Animation of Anchor Escapement, Widely Used in Pendulum Clocks

Figure 4: Chetvorno, “Animation of Anchor Escapement, Widely Used in Pendulum Clocks.” _Wikimedia_. Work is available under a Creative Commons 1.0 Universal Public Domain Dedication License.

Each “escape” is registered on the clock’s face by the ticking seconds, whose sounds are the arms of the pendulum on the left and the right hitting the teeth of the train. In this way, oscillating mechanisms are one of the simplest digital forms of technology, since the indexical relationship of the pendulum to gravity is interrupted by teeth spaced at regular intervals when they are manufactured. In other words, seconds measured by oscillating escapement are not continuous with physical phenomena, but separated by a timed regularity produced by the gear trains. By contrast, sun dials have an analogue relationship with time, because it is the casting of the sun directly on the dial that determines the time. It is this constructed separation of a signal into discrete yet uniform clicks that creates the accuracy Babbage mentions as fundamental to his sense of temporality.
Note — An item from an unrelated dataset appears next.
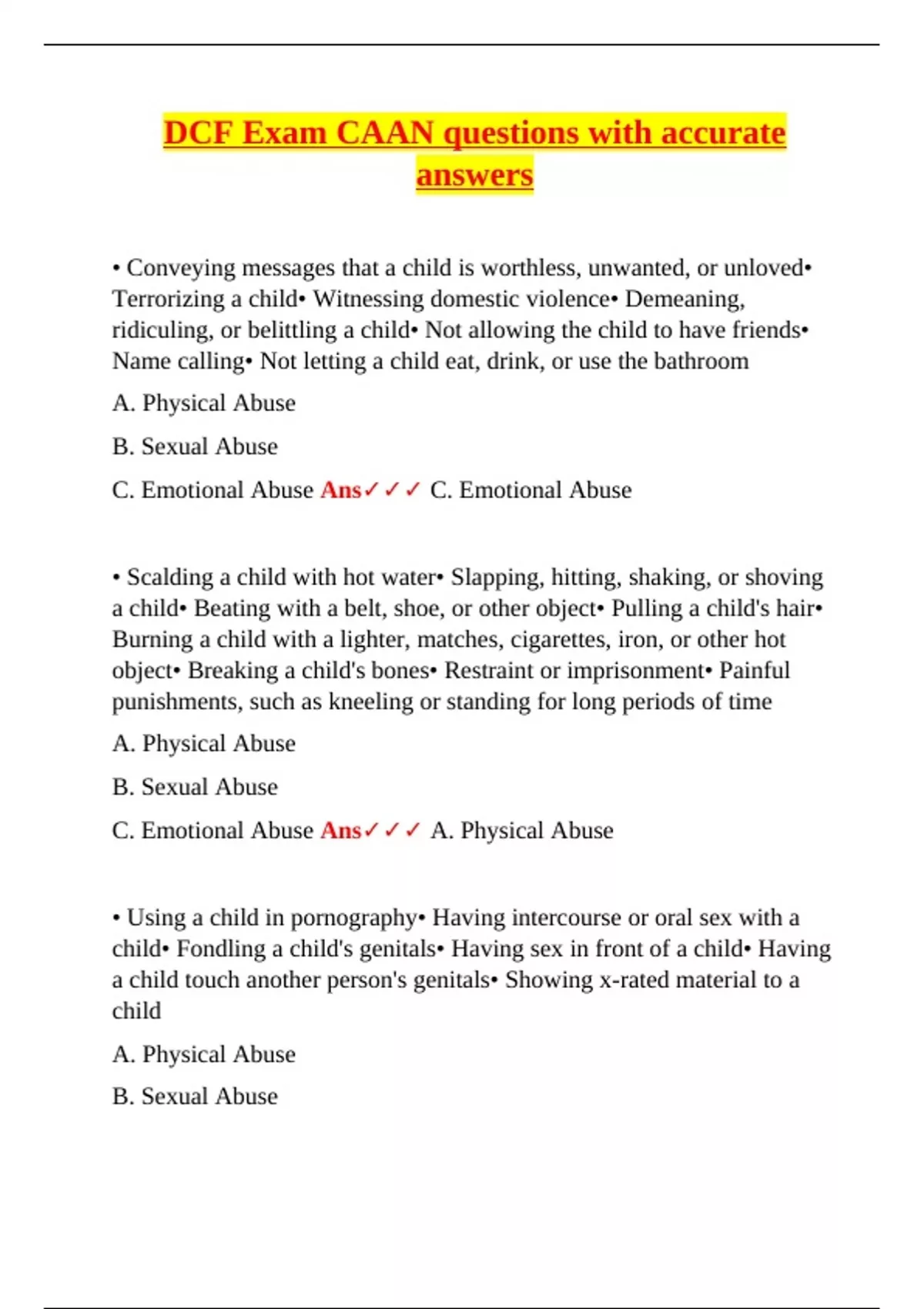 C. Emotional Abuse Ans✓✓✓ A. Physical Abuse

Babbage envisioned several mechanisms for the difference engine in order to leverage the regulatory power of oscillating escapement. Functioning mechanisms connecting the three clocks described in On the Economies of Machinery and Manufactures enabled each of them to turn and advance one another in a regular temporal succession. Even though Babbage’s number wheels had ten teeth instead of the sixty on a regular gear train for pendulum clocks, the fundamental logic of oscillating escapement was foundational to his device. When looking at the no. 1 machine, Babbage designed these escapement mechanisms in several columns with twenty number wheels on each column and ten teeth on each wheel. As clicks on a second hand represent seconds, the teeth on the difference engine’s gear train represent individual decimals. This video by Sydney Padua shows how the mechanism worked (Figure 5).

Figure 5: Sydney Padua, director. “Difference Engine Carry Mechanism with Explanation.” 26 Dec. 2014. YouTube. www.youtube.com/watch?v=juWOWzkpw5o. Accessed 26 Feb. 2017.
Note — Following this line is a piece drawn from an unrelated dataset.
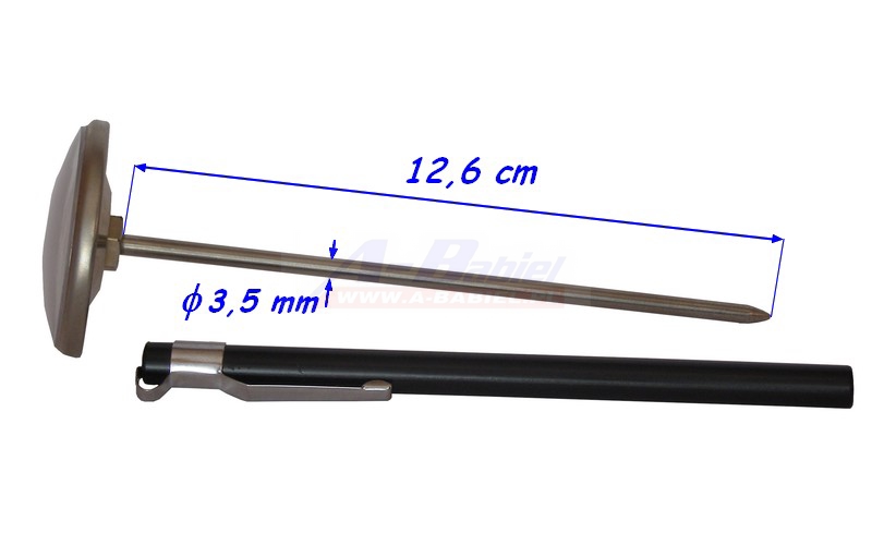 Termometr z sondą może pracować w temperaturze od 0 do 100°C. Sonda i korpus są ze stali nierdzewnej.Całkowita długość termometru z sondą wynosi 14 cm. Świetnie sprawdza się jako termometr do gotowania czy zaparzania lub jako termometr do wędzenia. Można używać go również do szynkowara.

Padua’s video gives a visual sense of how the difference engine adds two numbers together. Her example in the video includes three decimals places. As she explains, the engine takes a number of mechanical steps to add numbers together. When adding “224” and “276,” the carry propagator turns from left to right, slowly carrying the necessary numbers to form the solution “500” on the left number column. The machine was designed to add in stages. First, it adds without carrying any numbers.

Calculation without "carrying" numbers

The difference engine solution without carrying the two mechanical 1s.
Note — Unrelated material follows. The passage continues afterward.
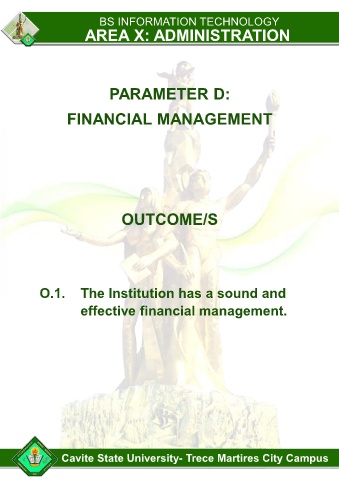 BS INFORMATION TECHNOLOGY AREA X: ADMINISTRATION PARAMETER D: FINANCIAL MANAGEMENT OUTCOME/S O.1. The Institution has a sound and effective financial management. Cavite State University- Trece Martires City Campus

As you can see, the correct solution of “500” is only formed if two 1s are mechanically carried from the right to the left on the machine. Without those carries, the solution is “490.” For the next step, each of the carry propagators are engaged, and they mechanically carry the one for each column by zeroing out one number wheel as it adds one to the next number wheel. The propagator on the second number wheel moves first, then the propagator on the top number wheel. The one on the bottom stays the same.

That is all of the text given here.